By Stephen Jewkes
MILAN (Reuters) - Energy firm Eni aims to express an interest in bidding for an Italian bioplastics business in a move that underlines a longer-term desire to hedge its exposure to oil and gas, financial sources said.
Eni wants to revive its chemicals, retail and refining businesses to offset volatility in oil prices and regain favour with investors after its shares underperformed those of industry rivals in the past three years, the sources said.
The state-controlled major is looking at the Italian assets of bioplastics multinational Mossi Ghisolfi, which has been put under creditor protection, two banking sources said.
"Non-binding bids are due in the next few days and Eni is there," one of the sources said, adding that the deal was worth "hundreds of millions of euros".
There has been media speculation about Eni being interested in Mossi Ghisolfi, but this is the first time it has emerged the group would submit bid interest in the assets.
Eni did not comment.
The potential acquisition, although small for Eni, flags an ongoing strategy shift for CEO Claudio Descalzi, who has spent four years creating a lean exploration business, racking up big discoveries in places like Mozambique and Egypt.
While keeping a firm focus on exploration, the 62-year-old reservoir engineer now wants to rejig the business model to bolster and create greener midstream and downstream businesses like marketing and refining as a hedge against oil price swings.
An acquisition of Mossi Ghisolfi's Italian unit, which uses agricultural waste to make plastics, would fit such a profile.
The move comes at a time when the boom in renewable energy and the prospect of a world powered by electric vehicles is creating a challenge for the oil industry.
BALANCED PORTFOLIOEni has been sounding out investors on why its shares have underperformed and feedback suggested more downstream protection is needed, said two fund managers contacted by the group.
Its heavy presence in high-risk areas such as Libya and Nigeria was another reason for concern, they said.
"It makes sense to build a more balanced portfolio less exposed to oil price swings ... It will help boost multiples and support the stock," said Mediobanca oil analyst Alessandro Pozzi.
Since oil prices plunged from above $100 a barrel in 2014 to below $30 in 2016, Eni shares have fallen more than 20 percent while France’s Total has risen 7 percent and Royal Dutch Shell (LON:RDSa) 9 percent. [http://reut.rs/2AuObMh]
Total and Shell have fared better because they have greater exposure to downstream businesses such as refining and petrochemicals, where demand is lifted by economic growth fuelled by lower crude prices.
Exxon Mobil Corp (NYSE:XOM) said last week it was revamping its refining and chemical operations to boost profits.
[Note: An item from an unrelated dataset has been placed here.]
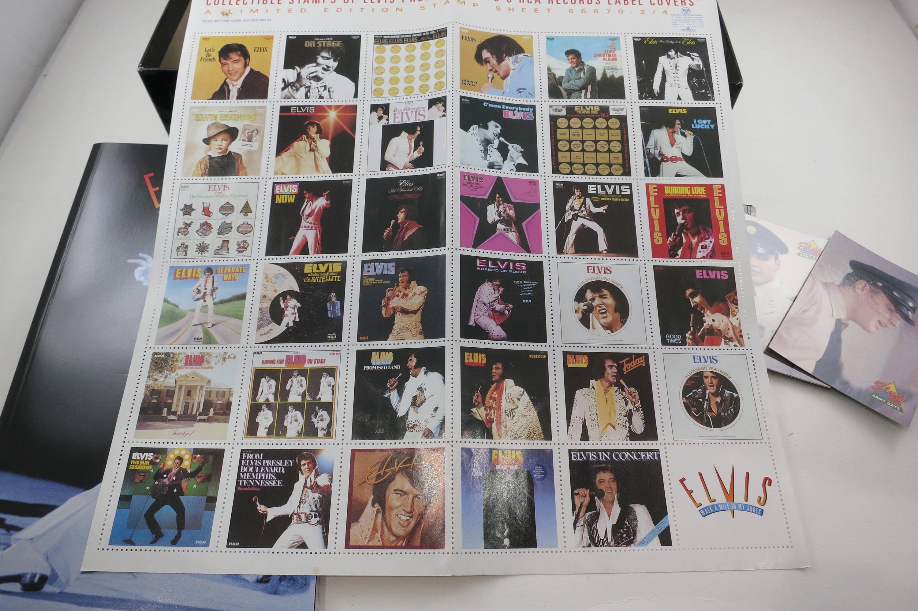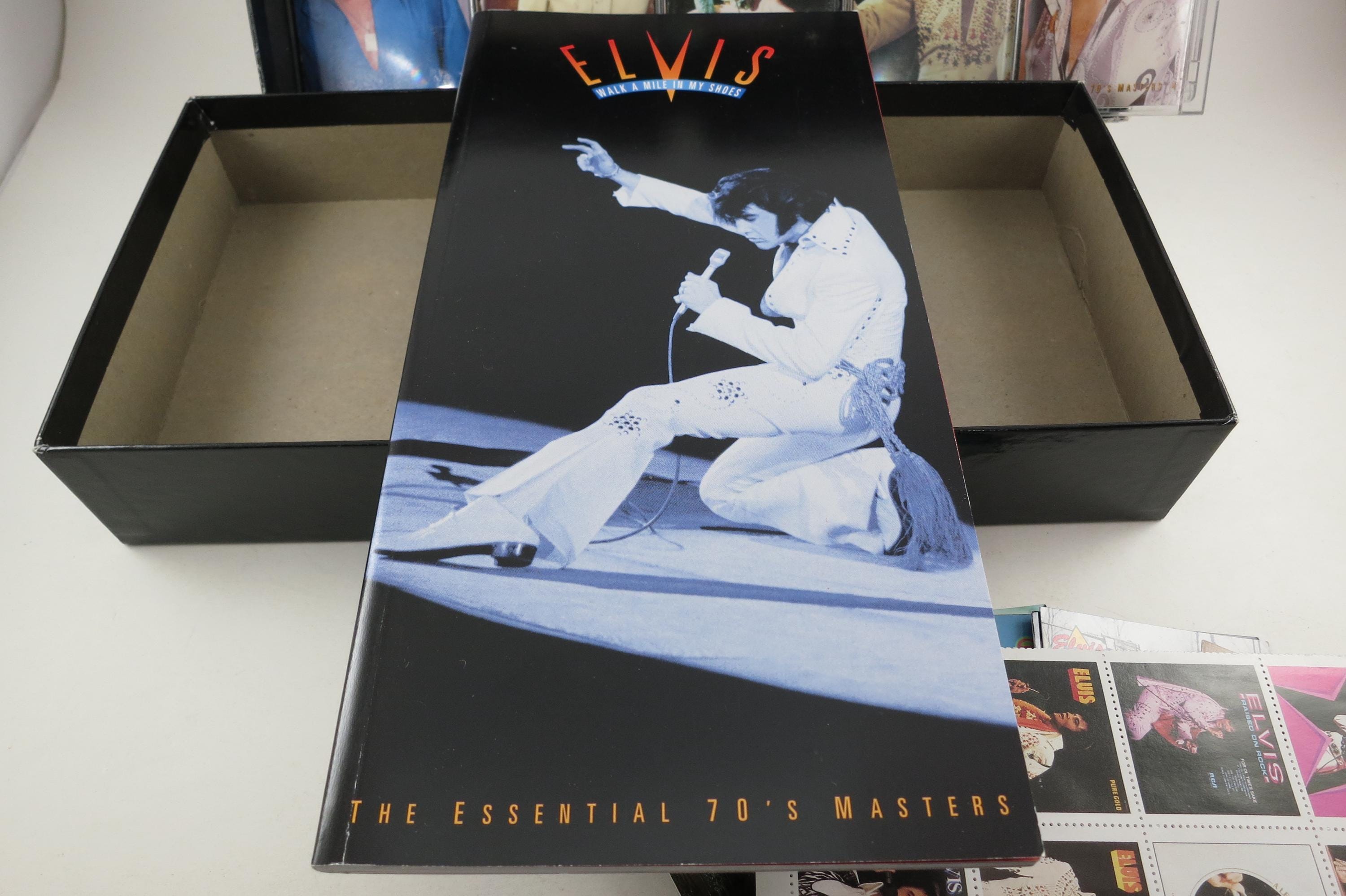 1995 Elvis Presley 5 Cassette Box Set Walk A Mile In My Shoes Elvis Presley with Cards Stamps Essential 70's Masters. Set includes 5 cassettes, a stamp sheet and 12 Elvis Trading cards. All are in excellent condition. Box is in very good condition.

Eni, whose exploration and production (E&P) arm generated more than 80 percent of operating income over 2015 and 2016, has been the industry's best discoverer in recent years. But its downstream business has struggled.
A year or so ago, it toyed with the idea of selling its chemicals and retail operations but pulled both deals, opting instead to streamline operations and make them more profitable. That strategy has led it to consider acquisitions, sources said.
CEO Descalzi has said the group could float its retail arm with an initial public offering (IPO) within two to three years.
A banker familiar with the matter said Eni wanted to strengthen its retail business, adding this could involve acquisitions.
Eni is seeking to reduce its carbon emissions, making new investments in solar plants and converting refineries to biofuels. Last month, it signed a deal with carmaker Fiat Chrysler to work on new carbon-low fuels for cars.
It also plans to expand its liquefied natural gas (LNG) business.
"It used to be all about E&P. Now at its roadshows Eni dedicates almost half the time to downstream," the banker said.